Copyright ©The Author(s) 2024. Published by Baishideng Publishing Group Inc. All rights reserved.
World J Cardiol. Feb 26, 2024; 16(2): 64-66
Published online Feb 26, 2024. doi: 10.4330/wjc.v16.i2.64
Facing ethical concerns in the age of precise gene therapy: Outlook on inherited arrhythmias
Federico Carbone, Fabrizio Montecucco
Federico Carbone, Fabrizio Montecucco, Department of Internal Medicine, University of Genoa, Genoa 16132, Italy
Federico Carbone, Fabrizio Montecucco, IRCCS Ospedale Policlinico San Martino Genoa, Italian Cardiovascular Network, Genoa 16132, Italy
Author contributions: Carbone F and Montecucco F performed research and wrote the paper.
Conflict-of-interest statement: All the authors declare that they have no conflict of interest.
Open-Access: This article is an open-access article that was selected by an in-house editor and fully peer-reviewed by external reviewers. It is distributed in accordance with the Creative Commons Attribution NonCommercial (CC BY-NC 4.0) license, which permits others to distribute, remix, adapt, build upon this work non-commercially, and license their derivative works on different terms, provided the original work is properly cited and the use is non-commercial. See: https://creativecommons.org/Licenses/by-nc/4.0/
Corresponding author: Fabrizio Montecucco, MD, PhD, Full Professor, Department of Internal Medicine, University of Genoa, 6 viale Benedetto XV, 16132 Genova, Italy. fabrizio.montecucco@unige.it
Received: November 30, 2023
Peer-review started: November 30, 2023
First decision: December 28, 2023
Revised: January 2, 2024
Accepted: January 29, 2024
Article in press: January 29, 2024
Published online: February 26, 2024

This editorial, comments on the article by Spartalis et al published in the recent issue of the World Journal of Cardiology. We here provide an outlook on potential ethical concerns related to the future application of gene therapy in the field of inherited arrhythmias. As monogenic diseases with no or few therapeutic options available through standard care, inherited arrhythmias are ideal candidates to gene therapy in their treatment. Patients with inherited arrhythmias typically have a poor quality of life, especially young people engaged in agonistic sports. While genome editing for treatment of inherited arrhythmias still has theoretical application, advances in CRISPR/Cas9 technology now allows the generation of knock-in animal models of the disease. However, clinical translation is somehow expected soon and this make consistent discussing about ethical concerns related to gene editing in inherited arrhythmias. Genomic off-target activity is a known technical issue, but its relationship with ethnical and individual genetical diversity raises concerns about an equitable accessibility. Meanwhile, the cost-effectiveness may further limit an equal distribution of gene therapies. The economic burden of gene therapies on healthcare systems is is increasingly recognized as a pressing concern. A growing body of studies are reporting uncertainty in payback periods with intuitive short-term effects for insurance-based healthcare systems, but potential concerns for universal healthcare systems in the long term as well. Altogether, those aspects strongly indicate a need of regulatory entities to manage those issues.

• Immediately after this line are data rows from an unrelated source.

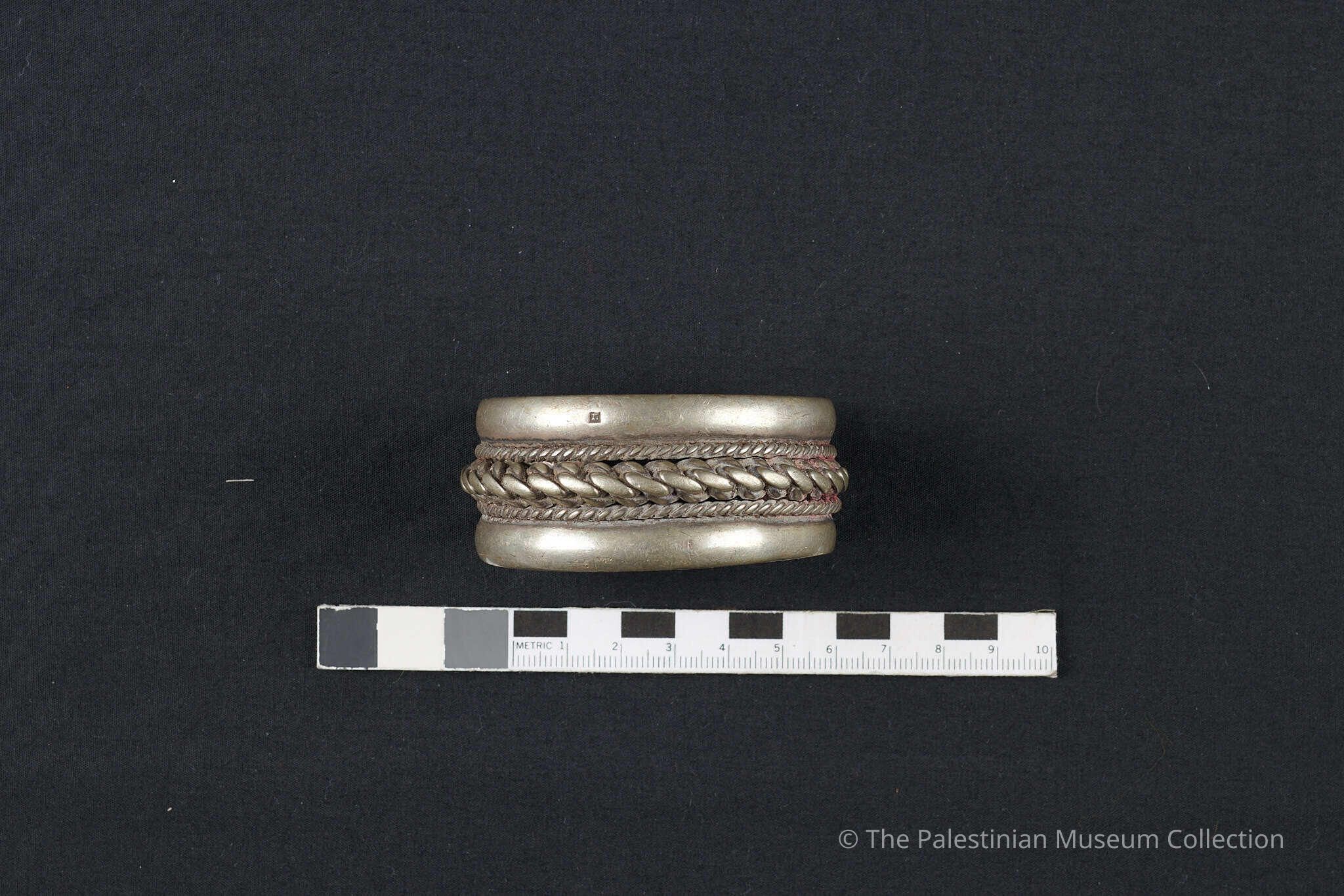 A broad handcrafted bracelet of high-calibre silver consisting of five parts, including two unengraved edges and three braided middle sections, two thin and one thick. The bracelet bears a stamp that determines the quality of silver. It was widespread in the Naqab desert, and its design was influenced by European braceletsMade/Created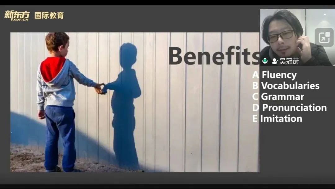 首先,主讲吴老师从学习目的出发,指出英语学习不可以单纯以应试为目的。结合自己早年在国外打工的经历,老师认为只有在生活中频繁应用英语,词汇量、语法、口语流利度等方面才能得到更充分的提升。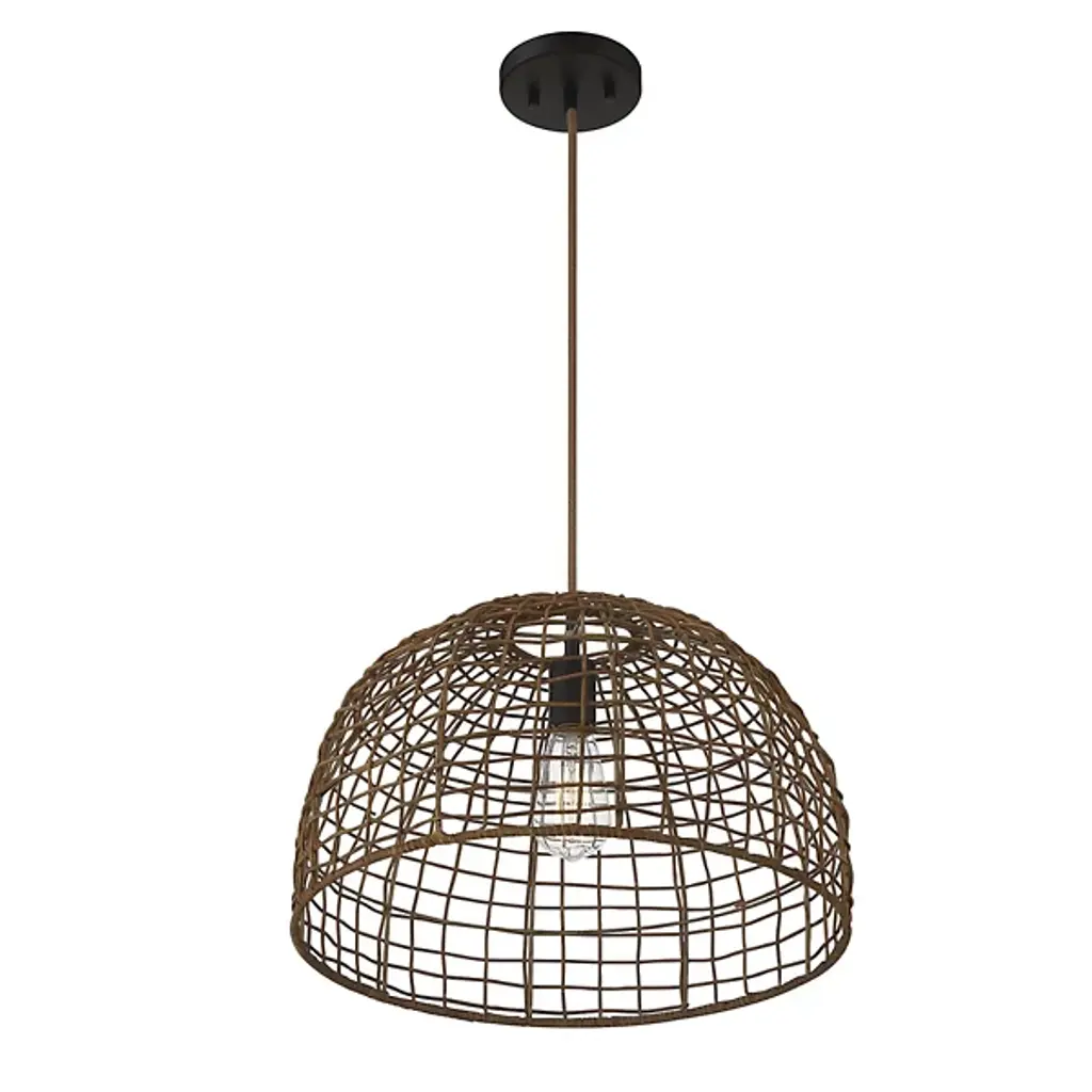 Bound by a shape yet free-flowing with an artful quality. Bring a stylish, organic aesthetic to your rooms with the handcrafted rattan construction of the Terri Pendant from Alder & Ore. Artisans takes strands of natural rattan and interlace them to create a sophisticated dome highlighted by its artful grid pattern. The jazzy contours of the shade soften up the brilliant light produced by the bulb inside, translating to a soothing ambient glow. Even without the shade, the piece exudes sophistication in its slender suspension and crisp metal hardware. It’s a pendant that works as a 1 or 2 of over a dining table or kitchen island.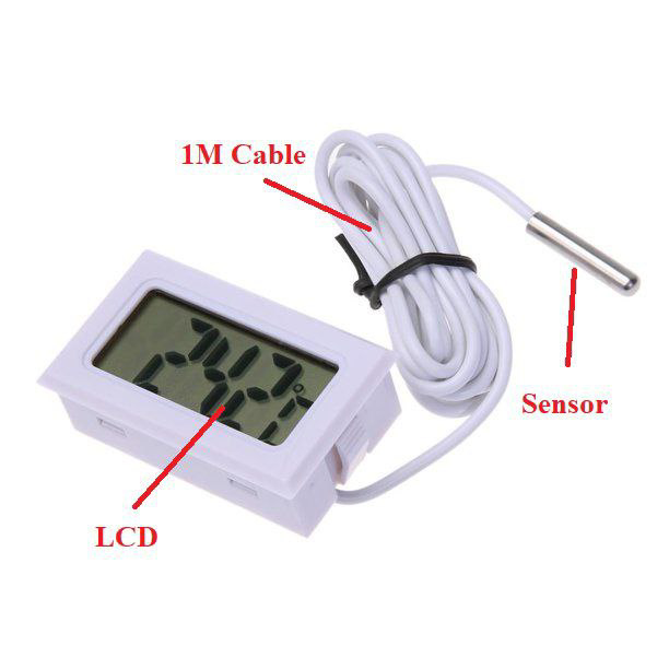 دماسنج دیجیتال با نمایشگر LCD با محدوده اندازه گیری 50- تا 110+ سانتیگراد (محصول بدون باطری – باطری جداگانه در سایت خرید شود AG13)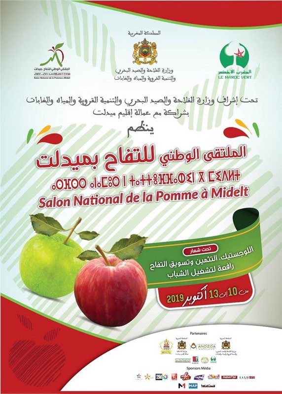 Le Salon National de la pomme de Midelt dans son édition 2019 aura lieu, du vendredi 10 au Dimanche 13 octobre prochain, sous le thème de : « La logistique, la valorisation et la commercialisation de la Pomme : Levier pour la promotion de l’emploi des jeunes », apprend-t-on auprès des organisateurs.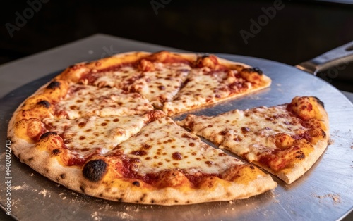 Sliced Cheese Pizza on Metallic Surface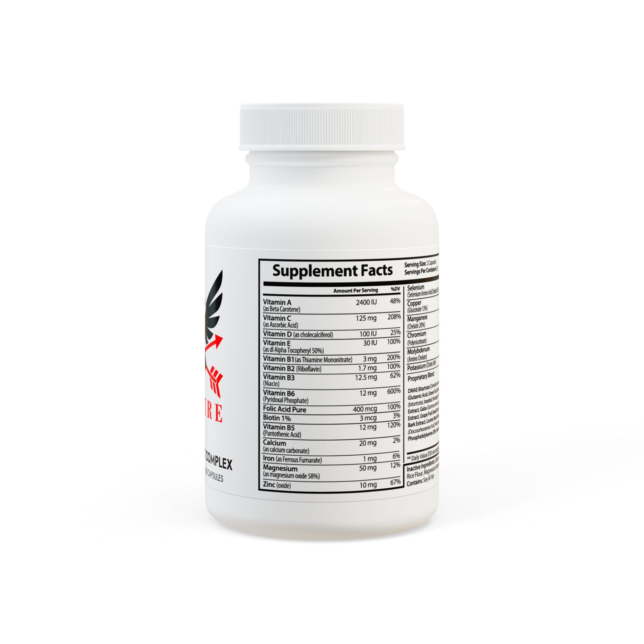 - Ingredients: Vitamin A (as Beta Carotene), Vitamin C (as Ascorbic Acid), Vitamin D (as cholecalciferol), Vitamin E (as dl Alpha Tocopheryl 50%), Vitamin B1(as Thiamine Mononitrate), Vitamin B2 (Riboavin), Vitamin B3 (Niacin), Vitamin B6 (Pyridoxal Phosphate), Folic Acid Pure, Biotin, Vitamin B5 (Pantothenic Acid), Calcium (as calcium carbonate), Iron (as Ferrous Fumarate), Magnesium (as magnesium oxide 58%), Zinc (oxide), Selenium (Selenium Amino Acid Chelate 0.2%), Copper (Gluconate 13%), Manganese (Chelate 20%), Chromium (Polynicotinate), Molybdenum (Amino Chelate), Potassium (Citrate 36%), DMAE Bitartrate (Dimethylaminoethanol), L Glutamine, Glutamic Acid, Green Tea Extract, Bacopa Extract, Choline (bitartrate), Inositol, N-Acetyl L-Tyrosine, Bilberry Fruit Extract, Gaba (Gamma Aminobutyric Acid), Grape Seed Extract, Grape Fruit Seed Extract, Olive Leaf, Cinnamon Bark Extract, Licorice Root Extract, Boron (Citrate), DHA (Docosahexaenoic Acid) 14%, Vanadyl Sulfate 19%, Phosphatidylserine 20%, Huperzine A. Inactive Ingredients: Cellulose (Vegetable Capsule), Rice Flour, Magnesium Stearate, Silicon Dioxide. Contains: Soy & Fish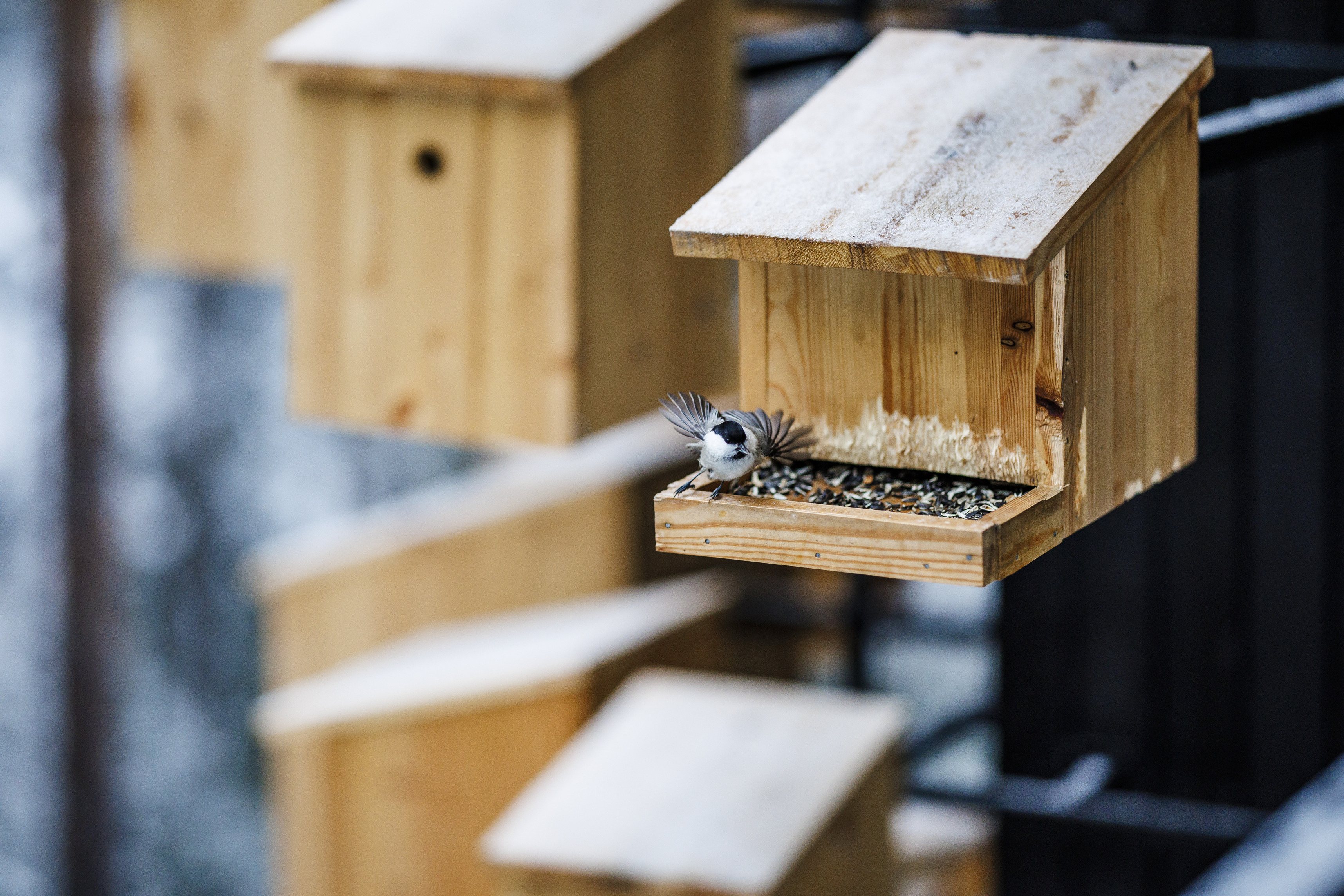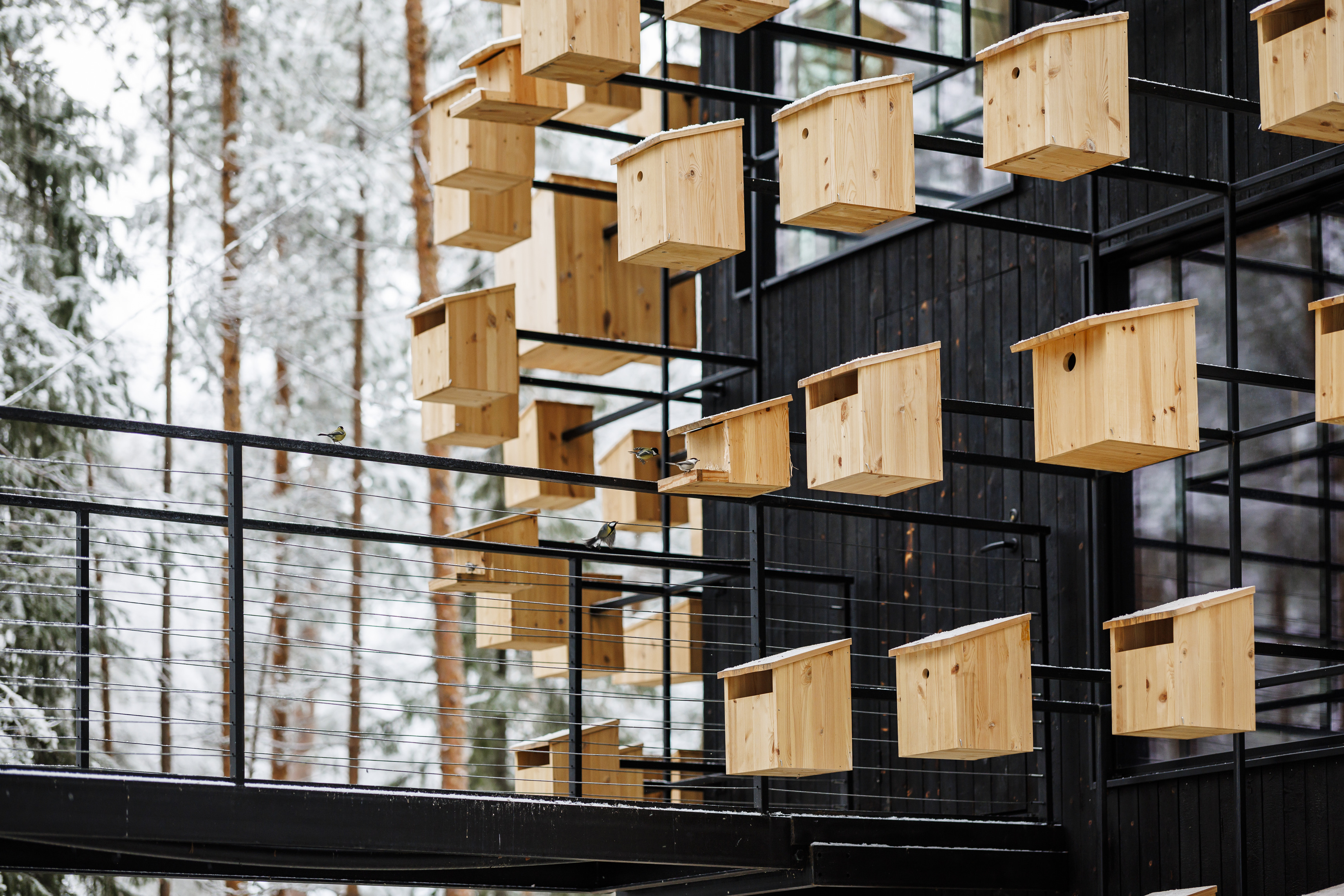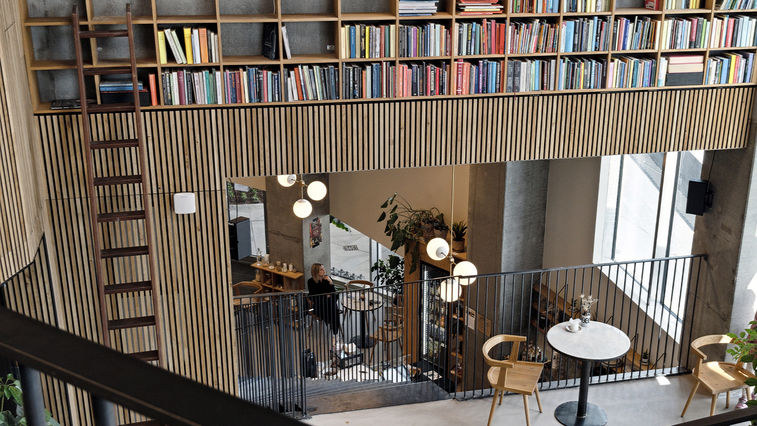 Inside, each level bridges the level below, supported by triangular steel trusses clad in Douglas fir. The texture, rhythm, and geometry of the trusses carry through to the exterior, creating a seamless transition from inside to outside. The atrium features a large staircase meant for socializing and relaxing that connects the first two floors and a café, creating a lively hub in the center of the building.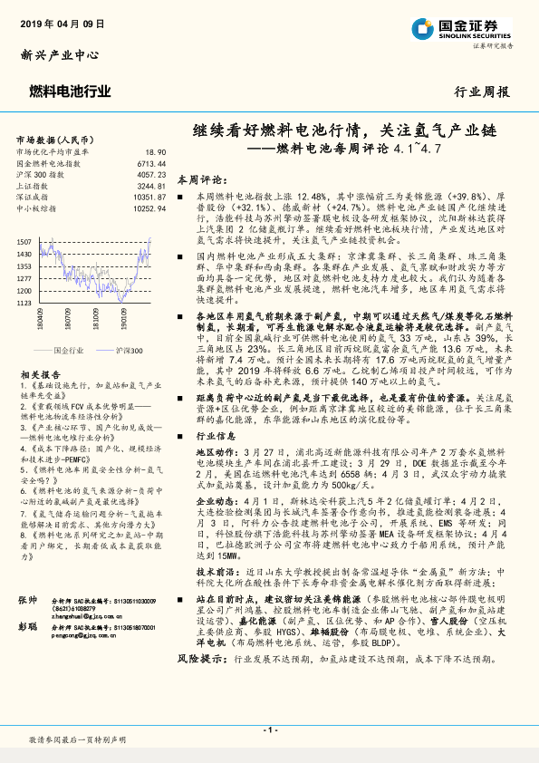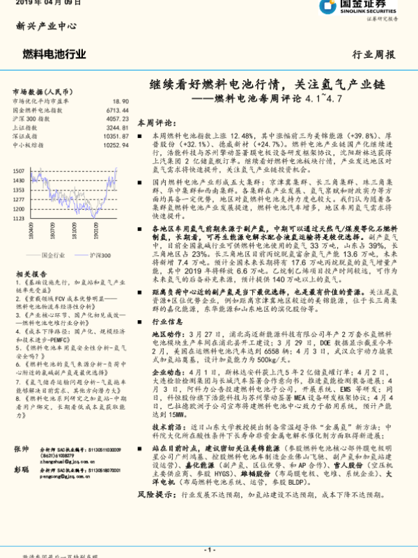 【国金证券】【20190409】20190409-国金证券-燃料电池每周评论:继续看好燃料电池行情,关注氢气产业链-8页

Keywords: Ethics, Inherited arrhythmias, CRISPR/Cas9, Gene therapy, Equitable accessibility

Core Tip: As for other diseases, inherited arrhythmias may take advantage from gene editing. Even we are still far from clinical translation, ethical issues need to be considered in order to proceed in this research field avoiding any misconduct. Off-target effects, equitable accessibility of life-saving gene therapies and economic burden for healthcare systems are key issues that need to addressed by regulatory entities.